This recent New York Times article, Sometimes You Have to Quit to Get Ahead: Winners are just people who know when to quit – and often do, may be an eye-opener for fundraisers and nonprofit executives.
- What do you mean quit soliciting a donor?
- What do you mean stop holding the annual (gala, golf tournament, fundraiser), even if attendance and return on investment has declined 4, or 5 years in a row?
- What do you mean stop sending the same planned giving messaging to all donors?
The article introduces the concept of strategic quitting. No one would suggest that you willy nilly drop a donor, stop holding your fundraising gala, or discontinue planned giving marketing. What the Times article does suggest is that you learn about two concepts:
- Lost Opportunity Cost – Every moment you spend working on X is a moment that you cannot spend doing Y.
For example, if you are the nonprofit ED or lead fundraiser and are buying and delivering water to the annual golf tournament you don’t have time to speak with key donors attending the event. (Which activity to you think has more impact?)
- Sunk Costs – A variation on lost opportunity cost.

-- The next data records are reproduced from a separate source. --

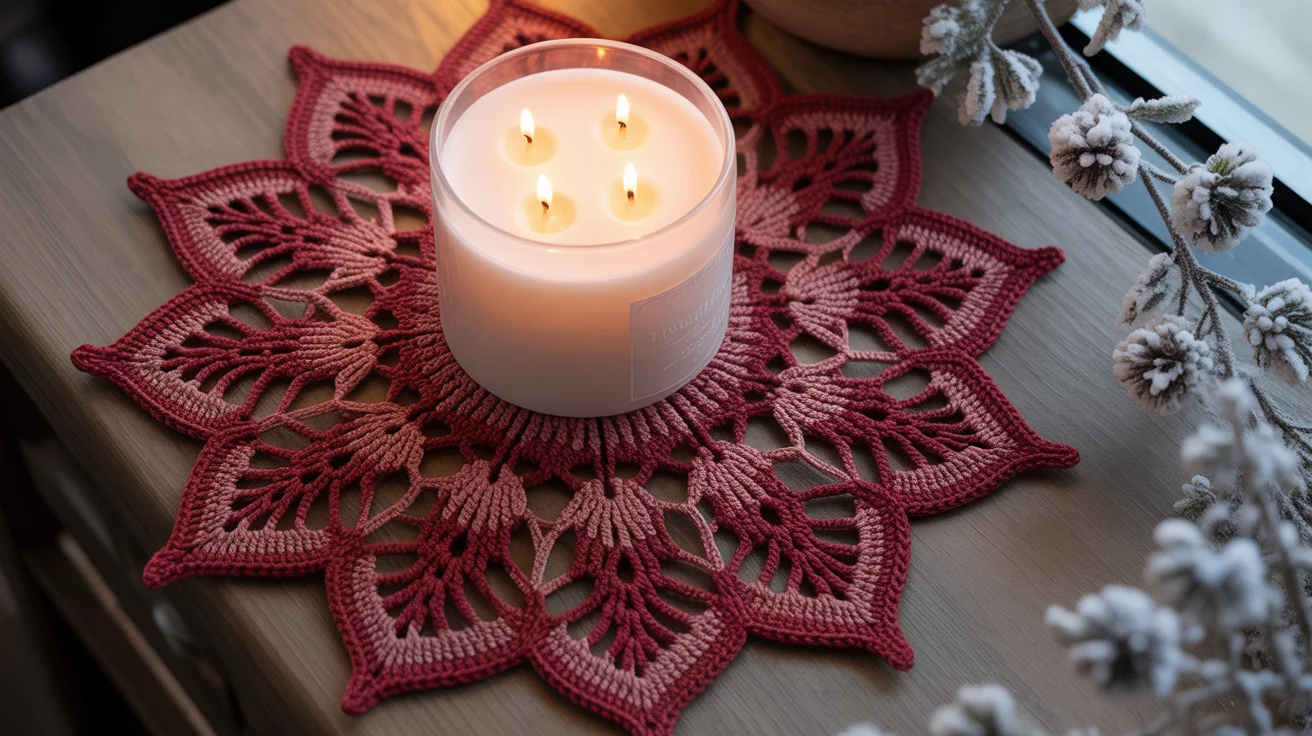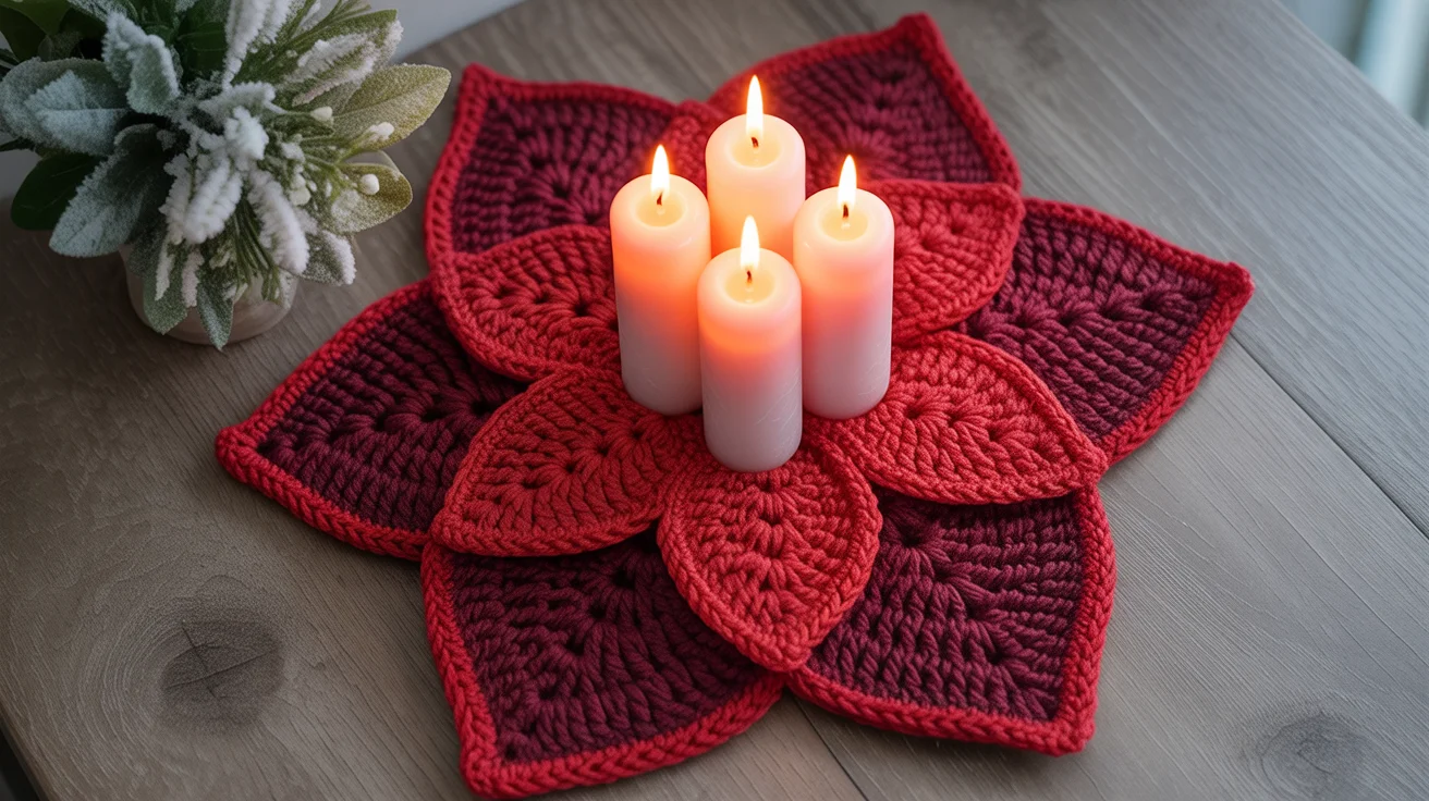 Crochet Pattern Table – Christmas Poinsettia Candle Coaster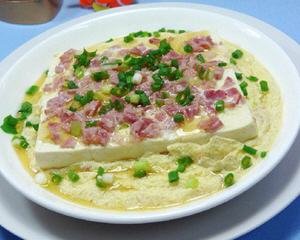 这道培根鸡蛋蒸豆腐的做法特别简单,而且营养也非常丰富。豆腐的吃法很多,可以单独成菜,还可以和其它食材搭配进行烹饪哦。鸡蛋与内脂豆腐真是完美的搭配,蒸好的鸡蛋豆腐,入口即化。很适合老人和孩童食用,加入了肉末与香菇,使整个菜又增色不少。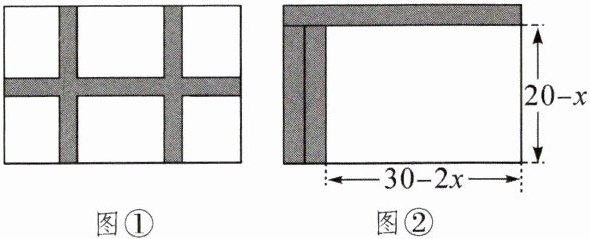 例 为响应市委市政府提出的建设“绿色襄阳”的号召,我市某单位准备将院内一块长为30m,宽为20m的长方形空地建成一个矩形花园。要求在花园中修两条纵向平行和一条横向的小道,剩余的地方种植花草,如图①所示。如果要使种植花草的面积为$532m^2,$那么小道的宽度应为多少?(注:所有小道的宽度相等)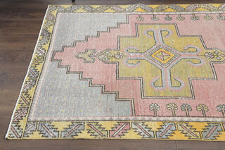 This one-of-a-kind vintage rug is hand-knotted and handwoven in Anatolia, Turkey from a unique wool blend.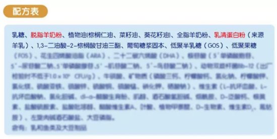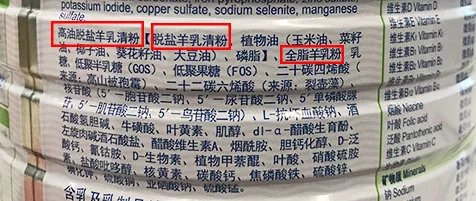 非全羊乳蛋白配方羊奶粉一般是在添加“浓缩乳清蛋白”“脱盐乳清粉”“羊乳清蛋白”的同时加入了牛乳蛋白。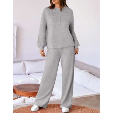ZESICA Womens Casual Pajama sets Long Sleeve Tops Wide Leg Long Pants 2 Piece Outfits Lounge Sets with Pockets,Light Grey,X-Large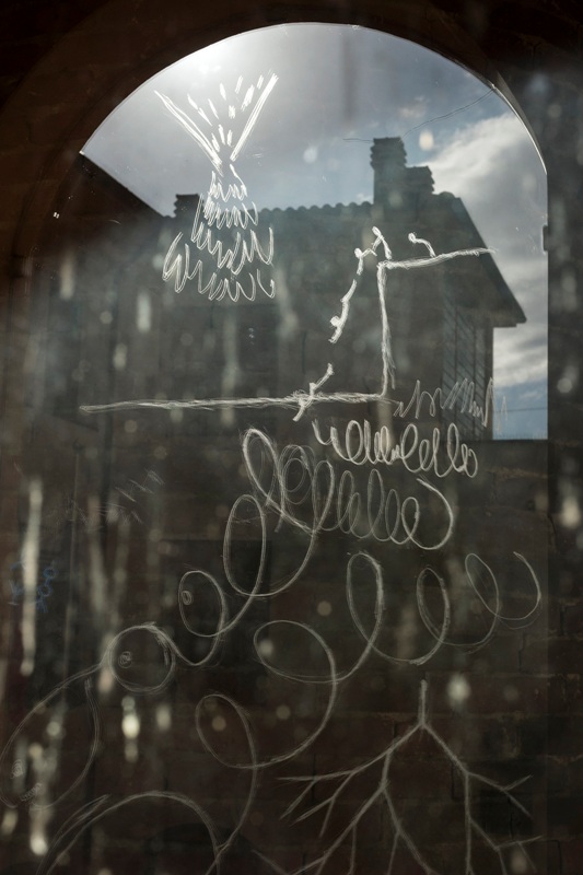 Io le parole le mangerei è un progetto concepito appositamente per la biblioteca che la trasforma in un inusuale spazio espositivo dal forte potere immaginifico, sottolineandone l’importanza come luogo di stimolo per la conoscenza in senso lato. L’intervento si sviluppa sulle cinque vetrate che, tra il primo e il secondo piano, si affacciano sul cortile interno del palazzo e, proprio per questo, può essere osservato da diversi punti dello spazio. Il risultato è un’opera ambientale leggera ma presente. Ogni vetro è un capitolo di una raccolta di racconti, una narrazione incisa pensata come un ciclo di affreschi medievali. Io le parole le mangerei fonde l’arte visiva con la letteratura, il disegno con la scrittura. L’artista, infatti, prima attraverso la tecnica del disegno automatico e poi attraverso l’incisione su vetro, ha tradotto in immagini i racconti dei poeti Anedda, Cucchi, Lamarque e Pellegatta, legati al tema della libertà. La narrazione si apre con la vetrata speciale: “In omaggio a Andrea Zanzotto”, poeta italiano tra i più importanti del secondo Novecento e citato da tutti gli autori coinvolti nel progetto.

What’s the difference? As the article indicates; you “double down” on the amount of time spent thinking that ongoing or increased effort will lead to a different or better outcome. However, as the article states: “For every moment you double down on something that’s not working out, you are forgoing other potentially valuable opportunities.” (Can you ID a time when you doubled down on an activity yet the extra effort didn’t bear fruit?)